Bei 550 Stunden ist der automatische Überlauf.
Und dann? Wozu kann ich das Lebensarbeitszeitkonto gebrauchen? Erstmal ist wichtig, dass dieses Konto komplett außerhalb des Unternehmens mehrfach treuhänderisch abgesichert verwaltet wird. Also selbst die Insolvenz der Firma oder des Verwalters richtet an dem Lebensarbeitszeitkonto keinen Schaden an. Dein über Jahre angespartes Guthaben auf dem Lebensarbeitszeitkonto kann für sehr viele schöne Dinge benutzt werden. Du kannst damit zum Beispiel früher in den Ruhestand gehen, deine Verwandten pflegen, deinen Meistertitel oder eine andere Aufstiegsfortbildung machen. Du kannst sogar einfach mal eine mehrmonatige Auszeit nehmen – neudeutsch Sabatical. In dieser Zeit kannst du gerne mit dem Rad einmal um Australien radeln. Das wäre zwar nicht meine bevorzugte Idee, aber ist ja zum Glück anders drauf.

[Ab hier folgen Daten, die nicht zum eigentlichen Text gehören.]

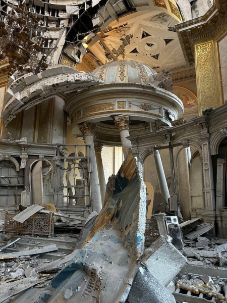 Спасо-Преображенський кафедральний собор в Одесі обстріляла 23 липня російська армія. Через ракетну атаку собор частково зруйнований.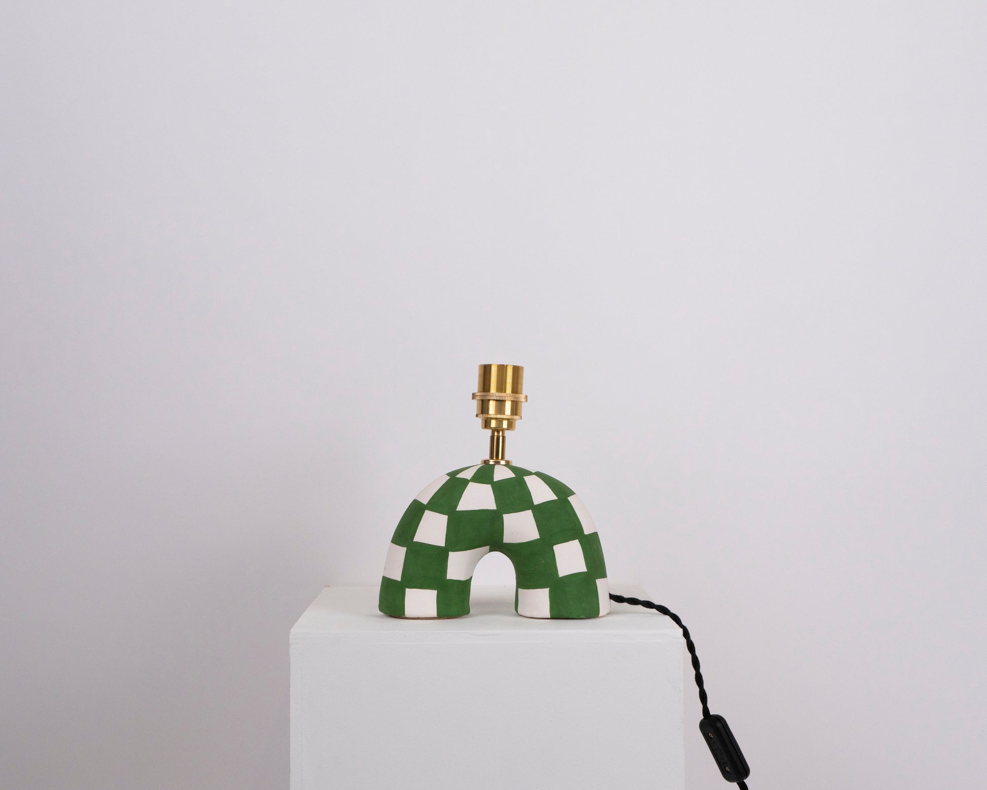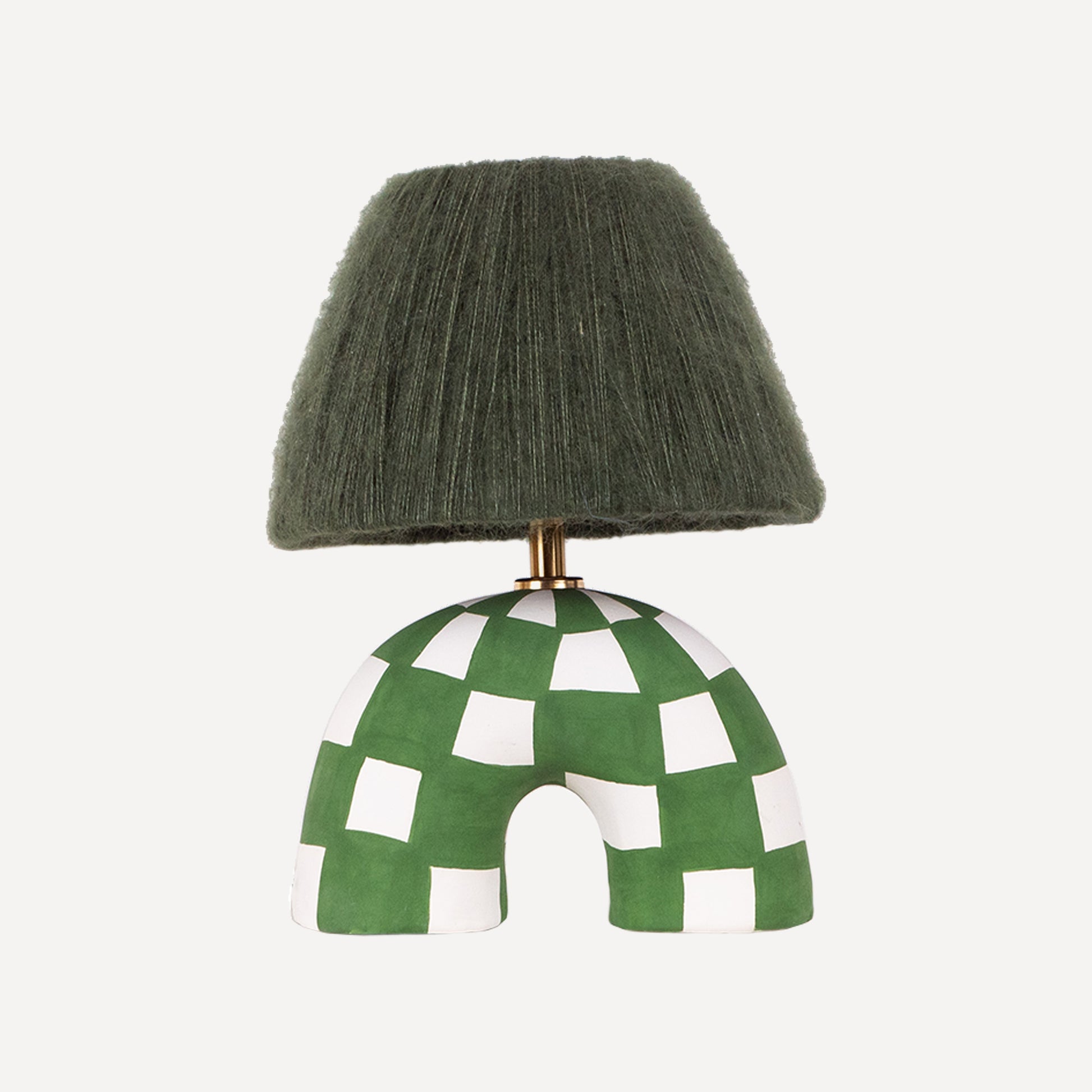 Handmade ceramic White & Green lamp base with a checkerboard pattern and matte finish paired with a matching Forest Green wool lampshade

Bis -100 Stunden ist die Negativzone.
Ja, richtig gelesen. Wir lassen sogar einen Negativsaldo auf deinem Abwesenheitskonto zu. Das bedeutet konkret, dass du mehr Zeit nicht da warst, als du als Anspruch gehabt hättest. Und das bei vollem Gehalt. So kann man auch mal ganz elegant einen Vorschuss auf den Urlaubsanspruch des Folgejahres realisieren. Wo gibt es schon solche Möglichkeiten? Wir haben sogar mit unserem Betriebsrat festgelegt, dass die Zusammenlegung von Zeitkonto und Urlaubsanspruch auf dem Abwesenheitskonto zu keinerlei Nachteilen für unsere Mitarbeitenden führen darf. Also verhindert auch ein bereits bestehender Minussaldo nicht deinen geplanten Urlaub unter Palmen. Wenn du allerdings die Grenze von -100 Stunden erreicht hast, müssen wir uns ja gemeinsam etwas einfallen lassen, damit du schnell wieder auf einen normalen Stand kommst.

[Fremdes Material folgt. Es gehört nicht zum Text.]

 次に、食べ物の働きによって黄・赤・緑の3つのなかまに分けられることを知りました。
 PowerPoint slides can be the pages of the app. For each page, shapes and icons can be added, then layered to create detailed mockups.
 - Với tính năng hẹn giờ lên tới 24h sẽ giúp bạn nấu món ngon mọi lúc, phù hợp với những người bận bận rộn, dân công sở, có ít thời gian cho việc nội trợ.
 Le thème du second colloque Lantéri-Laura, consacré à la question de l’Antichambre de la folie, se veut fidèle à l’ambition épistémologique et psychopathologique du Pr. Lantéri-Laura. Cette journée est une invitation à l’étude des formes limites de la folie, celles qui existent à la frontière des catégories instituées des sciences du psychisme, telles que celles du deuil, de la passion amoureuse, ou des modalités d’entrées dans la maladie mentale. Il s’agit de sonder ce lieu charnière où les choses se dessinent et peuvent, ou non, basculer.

Was passiert ab -100 Stunden?
Dann reduziert sich, so wie in unserem Tarifvertrag als Option vorgesehen, deine regelmäßige Wochenarbeitszeit von z.B. 37 auf 30 Stunden. Das bedeutet natürlich vor allem in der Auszahlung ein geringeres Gehalt. Das muss allen Beteiligten klar sein. Wenn du dann aber ganz normal 37 Stunden in der Woche arbeitest, oder vielleicht sogar mehr, dann bist du ratzfatz wieder bei einem ausgeglichenen Kontostand angekommen und deine Wochenarbeitszeit ist wieder wie vorher – samt Auszahlungsbetrag natürlich. Jetzt stell dir mal vor du bist zum Jahresende hin in genau diese Situation geraten oder bist davon bedroht, dass es so weniger Gehalt gibt. Schon kommt der nächste 1. Januar und durch den eingespülten Urlaubsanspruch geht es deinem Konto wieder gut. So ist die Phase mit einer Gehaltseinbuße verkürzt oder sogar ganz verhindert worden. Das ist sehr wahrscheinlich, denn durch den typischen Saisonverlauf unserer Aufträge gehen gerade im ersten Quartal eines Jahres die Konten schnell mal nach unten. In der neuen Situation dürfte es nun kaum noch zu einer Reduzierung der Wochenarbeitszeit kommen.
Wie findest du unseren Weg des abgeschafften Urlaubs?
Wie macht ihr das in eurer Firma?
Welche weiteren Vorteile oder Risiken siehst du in unserem Weg?